Problem description:
With pictures left out, retype the lines from the start of the records through the one that contains "BJP's national election".

Records:
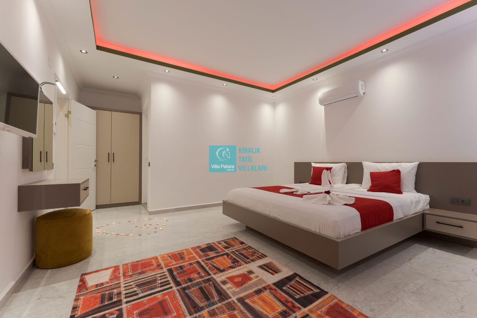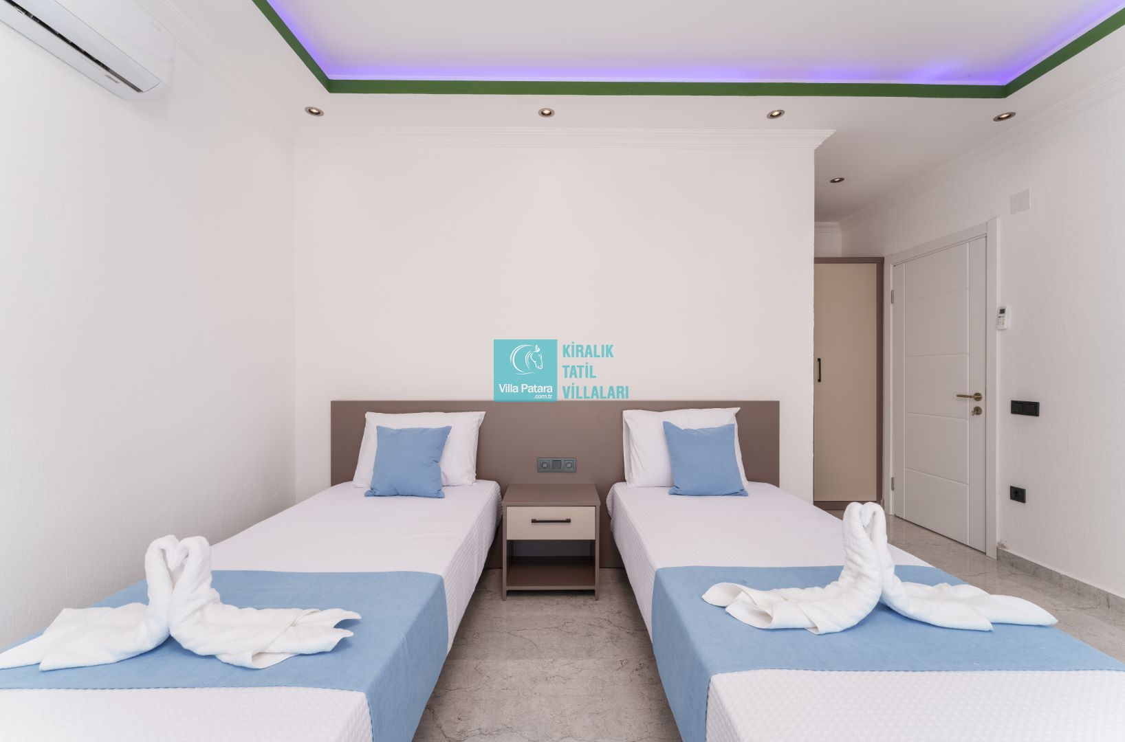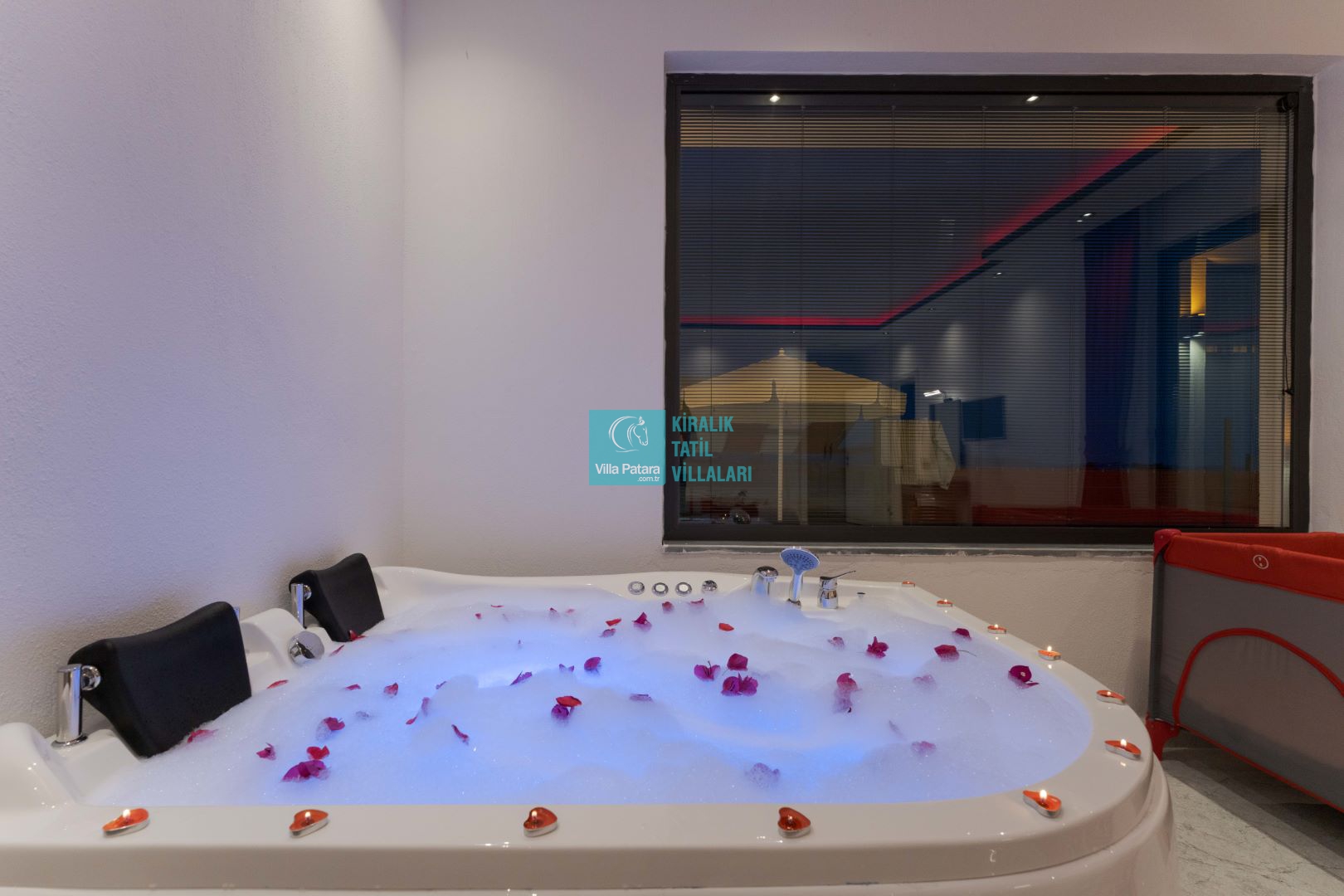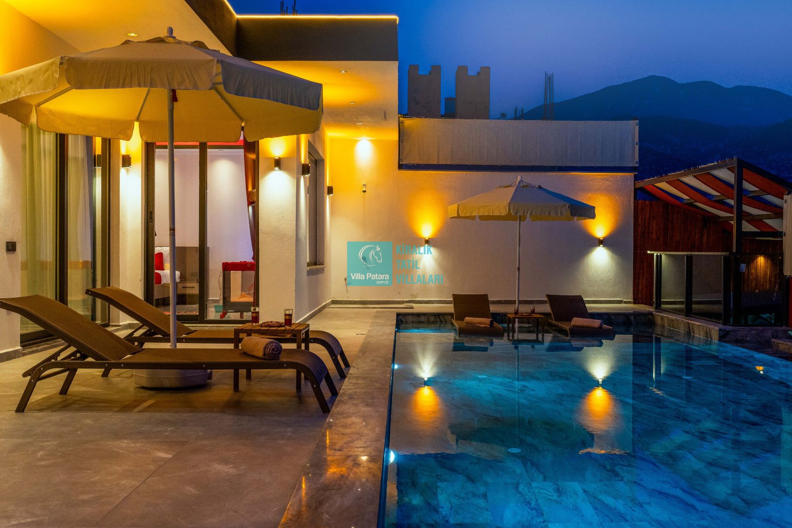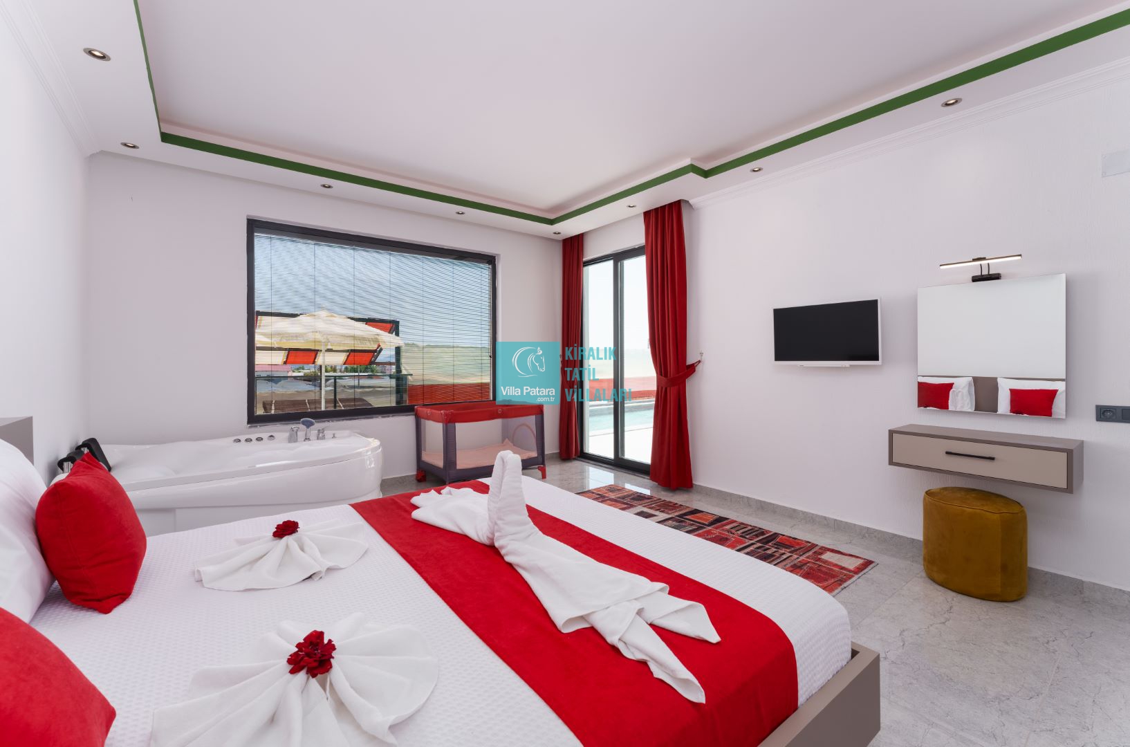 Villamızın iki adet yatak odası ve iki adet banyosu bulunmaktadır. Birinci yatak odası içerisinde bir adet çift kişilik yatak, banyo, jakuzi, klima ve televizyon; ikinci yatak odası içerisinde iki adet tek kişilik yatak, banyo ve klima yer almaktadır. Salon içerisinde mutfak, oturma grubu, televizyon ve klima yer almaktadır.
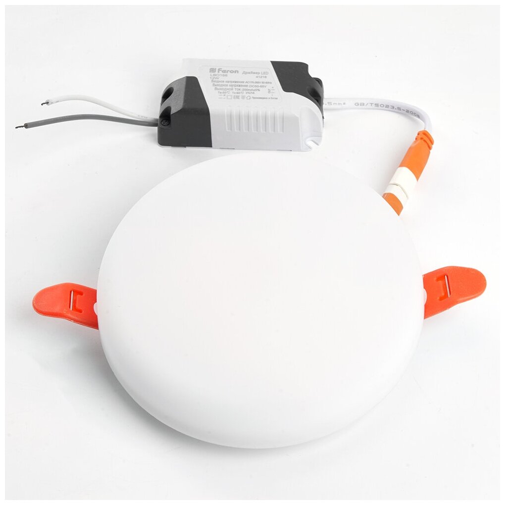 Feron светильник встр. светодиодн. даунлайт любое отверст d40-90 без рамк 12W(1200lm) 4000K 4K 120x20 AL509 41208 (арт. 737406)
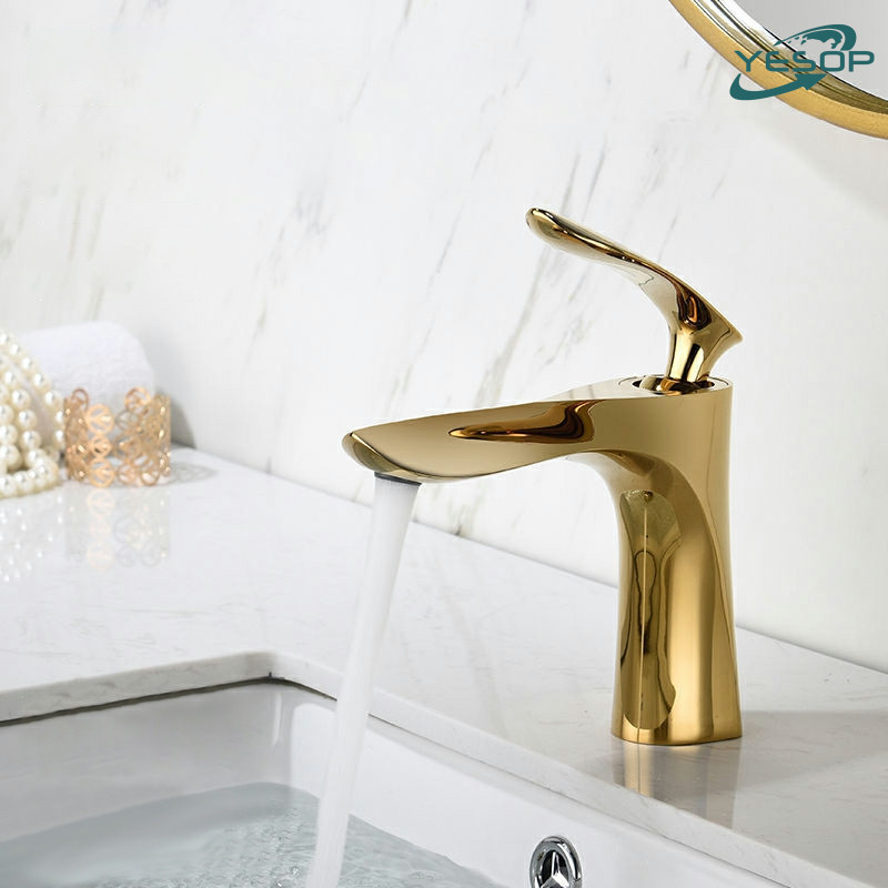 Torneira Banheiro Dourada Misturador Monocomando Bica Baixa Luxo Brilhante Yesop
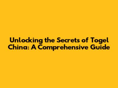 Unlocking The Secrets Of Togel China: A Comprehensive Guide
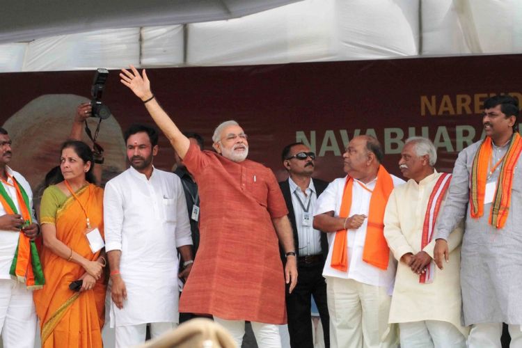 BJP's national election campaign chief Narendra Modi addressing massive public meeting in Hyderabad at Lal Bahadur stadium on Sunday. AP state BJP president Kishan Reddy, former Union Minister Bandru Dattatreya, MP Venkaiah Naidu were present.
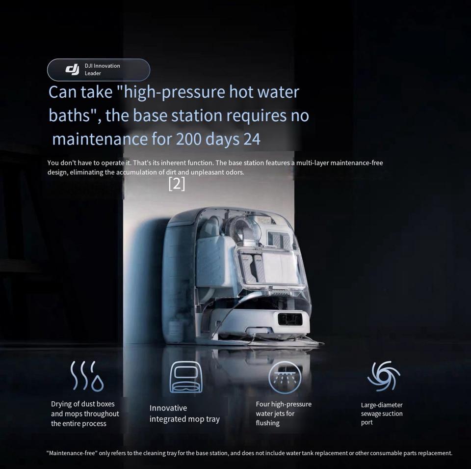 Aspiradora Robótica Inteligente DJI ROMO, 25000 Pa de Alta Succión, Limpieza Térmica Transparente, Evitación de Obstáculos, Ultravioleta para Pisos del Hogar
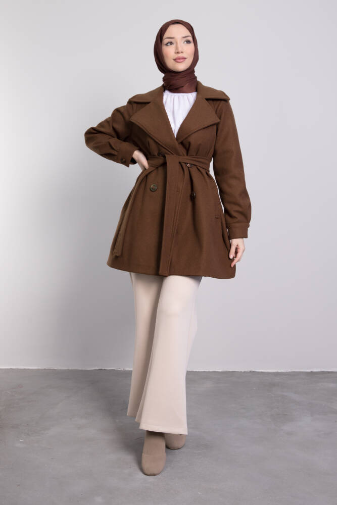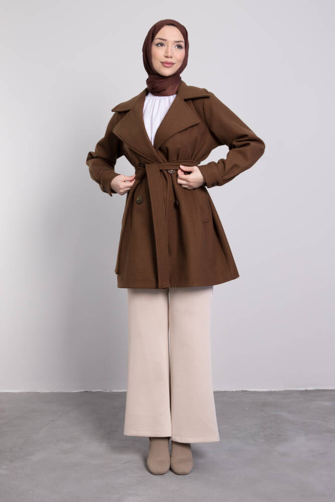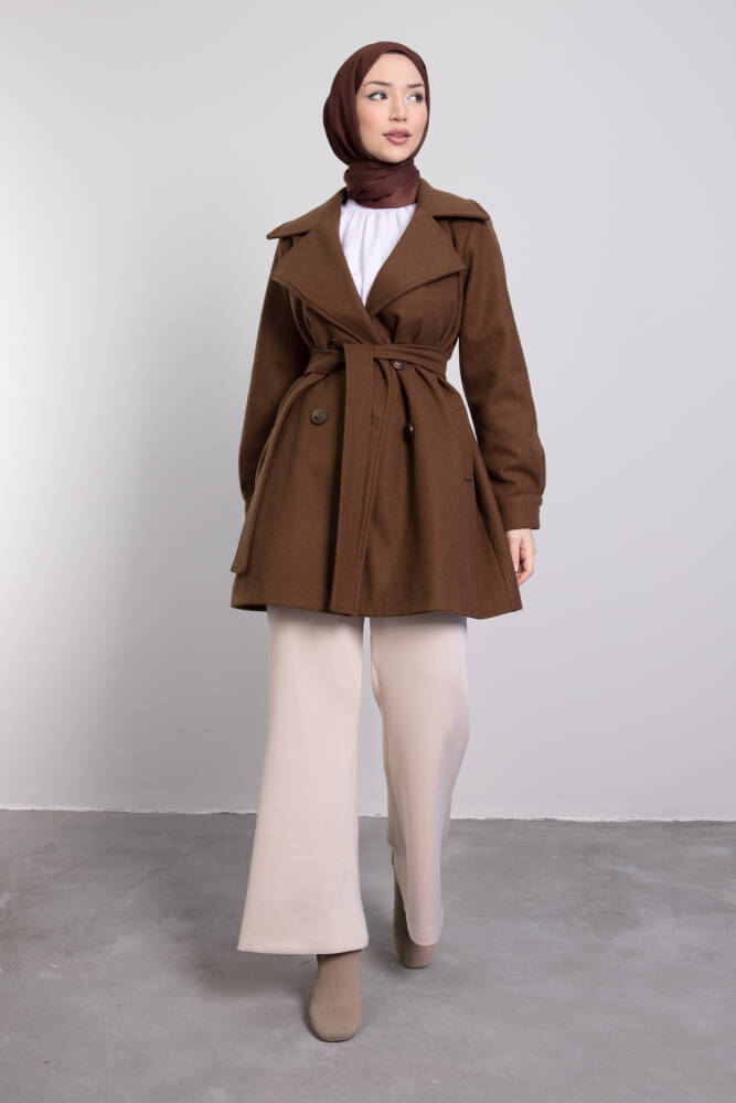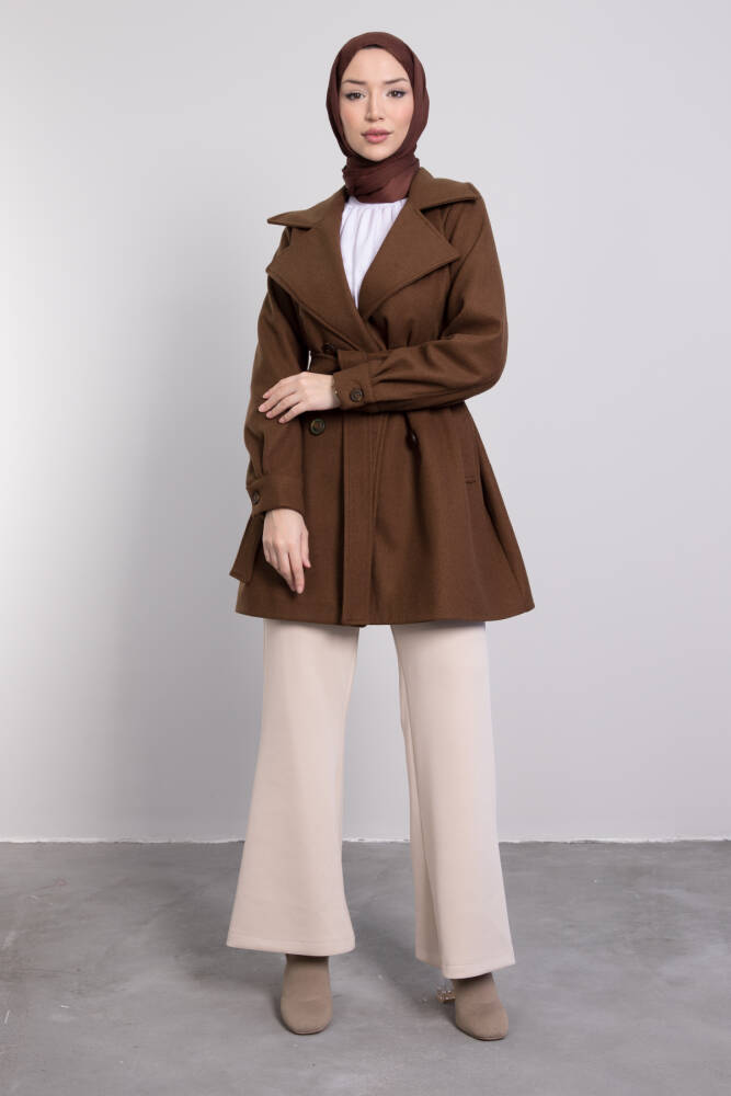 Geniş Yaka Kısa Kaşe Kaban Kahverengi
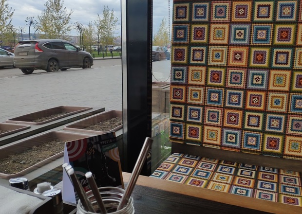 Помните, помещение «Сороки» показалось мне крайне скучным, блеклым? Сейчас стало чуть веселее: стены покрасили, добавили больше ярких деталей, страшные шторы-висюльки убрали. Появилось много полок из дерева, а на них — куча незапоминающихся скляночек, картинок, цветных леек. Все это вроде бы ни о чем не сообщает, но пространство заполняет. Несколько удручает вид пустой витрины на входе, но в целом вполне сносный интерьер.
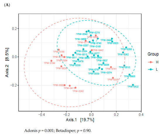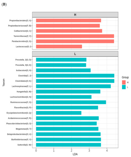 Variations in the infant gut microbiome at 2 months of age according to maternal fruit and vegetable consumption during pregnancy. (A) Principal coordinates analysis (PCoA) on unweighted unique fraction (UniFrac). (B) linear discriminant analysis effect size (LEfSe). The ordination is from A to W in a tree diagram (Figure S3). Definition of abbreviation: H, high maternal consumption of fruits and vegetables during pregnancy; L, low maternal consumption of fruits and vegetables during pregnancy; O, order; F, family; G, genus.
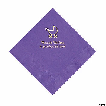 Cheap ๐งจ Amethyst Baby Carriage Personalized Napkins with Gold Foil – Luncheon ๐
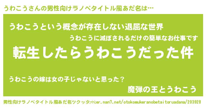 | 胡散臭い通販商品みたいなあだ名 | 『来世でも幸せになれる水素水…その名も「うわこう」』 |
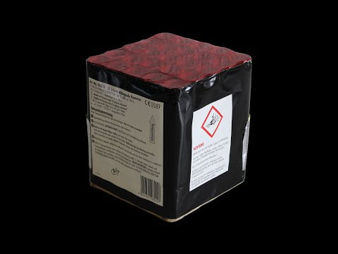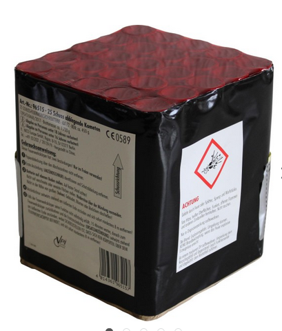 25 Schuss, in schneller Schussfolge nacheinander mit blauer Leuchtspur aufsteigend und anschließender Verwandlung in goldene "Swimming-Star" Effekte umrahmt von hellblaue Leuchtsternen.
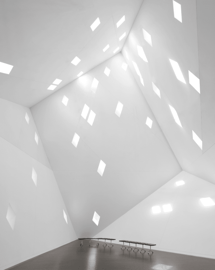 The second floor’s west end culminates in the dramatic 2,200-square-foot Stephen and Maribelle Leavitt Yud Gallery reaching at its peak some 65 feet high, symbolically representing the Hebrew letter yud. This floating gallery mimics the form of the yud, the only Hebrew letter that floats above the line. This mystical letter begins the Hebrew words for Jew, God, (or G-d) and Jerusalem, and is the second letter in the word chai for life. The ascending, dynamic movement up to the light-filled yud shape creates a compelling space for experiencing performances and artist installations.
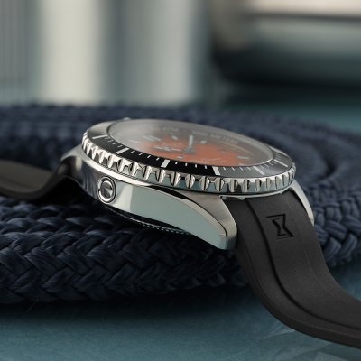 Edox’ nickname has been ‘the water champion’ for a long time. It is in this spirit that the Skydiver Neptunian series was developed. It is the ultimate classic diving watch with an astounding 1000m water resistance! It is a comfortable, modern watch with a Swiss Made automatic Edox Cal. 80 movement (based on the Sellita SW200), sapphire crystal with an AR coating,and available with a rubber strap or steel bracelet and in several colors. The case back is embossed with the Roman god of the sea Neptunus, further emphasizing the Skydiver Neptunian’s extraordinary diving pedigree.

Result:
 Villamızın iki adet yatak odası ve iki adet banyosu bulunmaktadır. Birinci yatak odası içerisinde bir adet çift kişilik yatak, banyo, jakuzi, klima ve televizyon; ikinci yatak odası içerisinde iki adet tek kişilik yatak, banyo ve klima yer almaktadır. Salon içerisinde mutfak, oturma grubu, televizyon ve klima yer almaktadır.
 Feron светильник встр. светодиодн. даунлайт любое отверст d40-90 без рамк 12W(1200lm) 4000K 4K 120x20 AL509 41208 (арт. 737406)
 Torneira Banheiro Dourada Misturador Monocomando Bica Baixa Luxo Brilhante Yesop
 Unlocking The Secrets Of Togel China: A Comprehensive Guide
 BJP's national election campaign chief Narendra Modi addressing massive public meeting in Hyderabad at Lal Bahadur stadium on Sunday. AP state BJP president Kishan Reddy, former Union Minister Bandru Dattatreya, MP Venkaiah Naidu were present.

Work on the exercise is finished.